I had forgotten all about dad’s weird saying until I was introduced to Melinda Young’s collection of pink objects. Pulsing, visceral conglomerations, they are at once arresting in their beauty and just a little bit icky. Like strange sea creatures, or disembodied organs, Young’s creations are dangerously ‘alive’ - living, growing and feeding on themselves. Rubies and pearls are swallowed by globs of wax, crystals push out of the surface and delicate fringes sprout from the edges… and all of them pink, pink, pink.

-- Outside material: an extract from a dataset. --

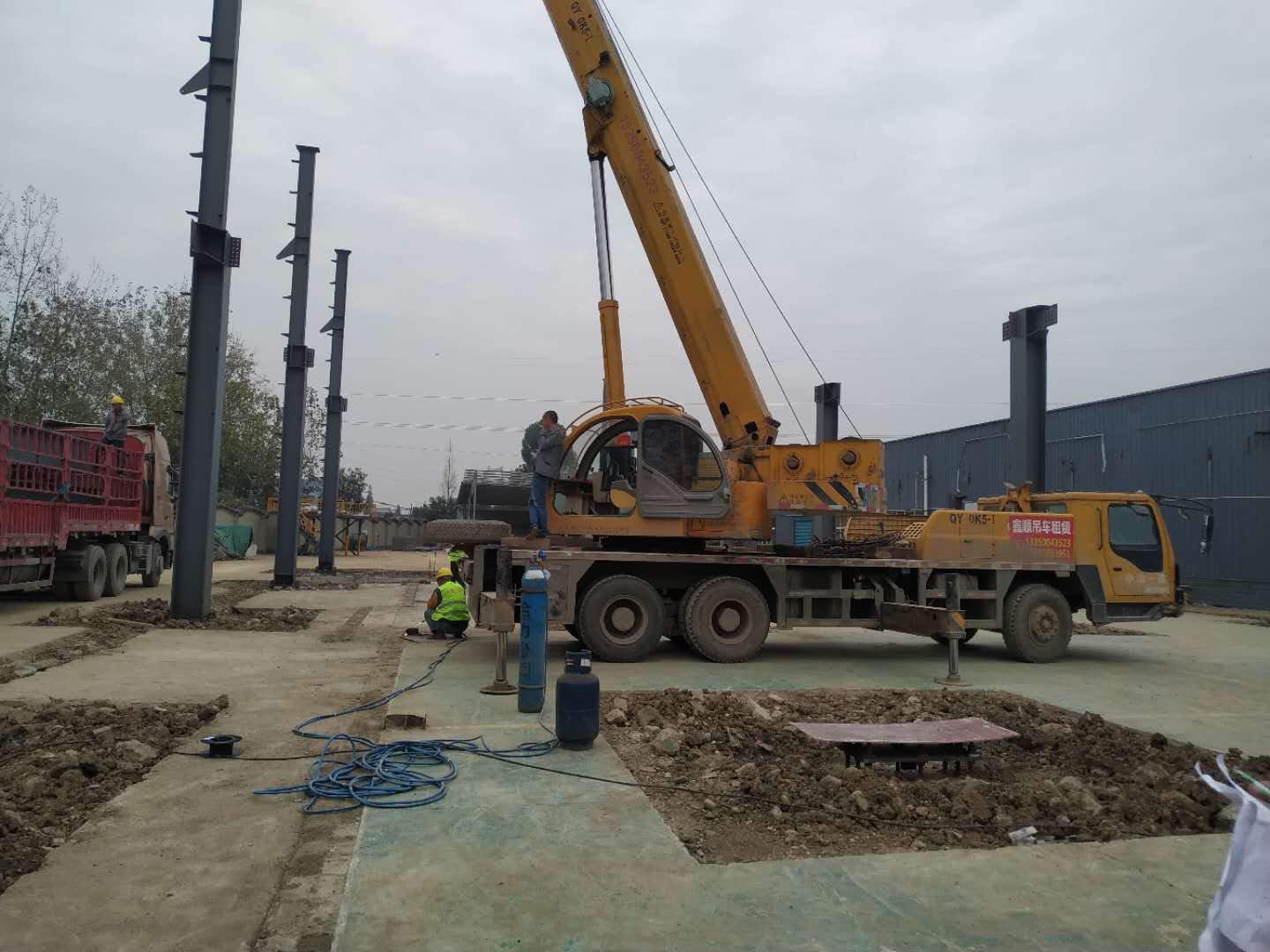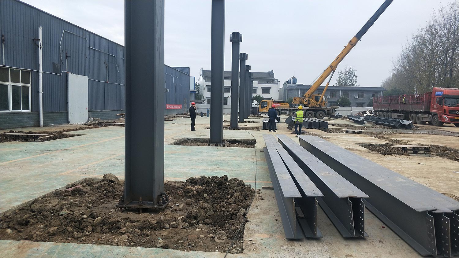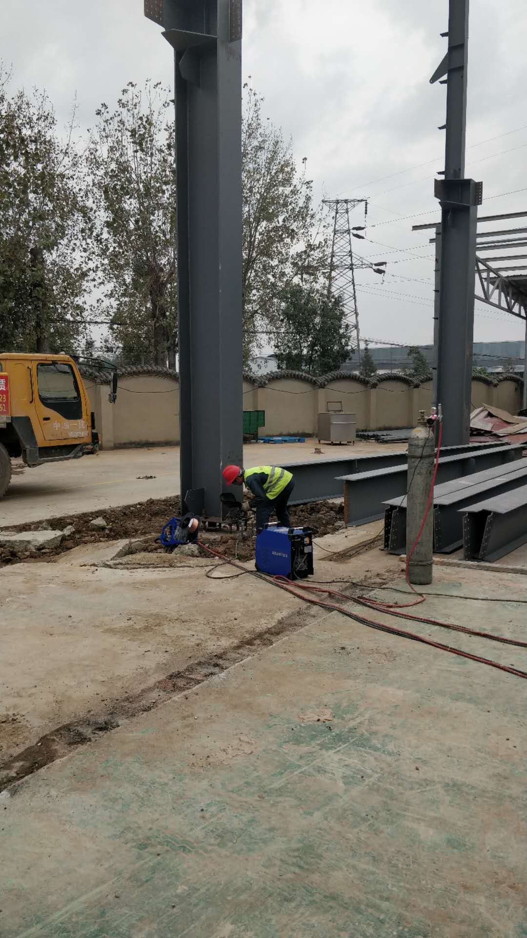 1.鋼構廠驗廠。2.鋼柱安裝完成10%。

The incongruity of these beautiful/ugly works is echoed in their materials and production. Precious gems are coupled with inexpensive casting wax; and while the pieces appear roughly clumped together, closer inspection reveals them to be meticulously constructed, the products of a long process of collection and collation. Dichotomous to the last, each piece doubles as both artwork and wearable – functioning as rather pretty sculptures and, at the same time, somewhat ‘out there’ pieces of jewellery.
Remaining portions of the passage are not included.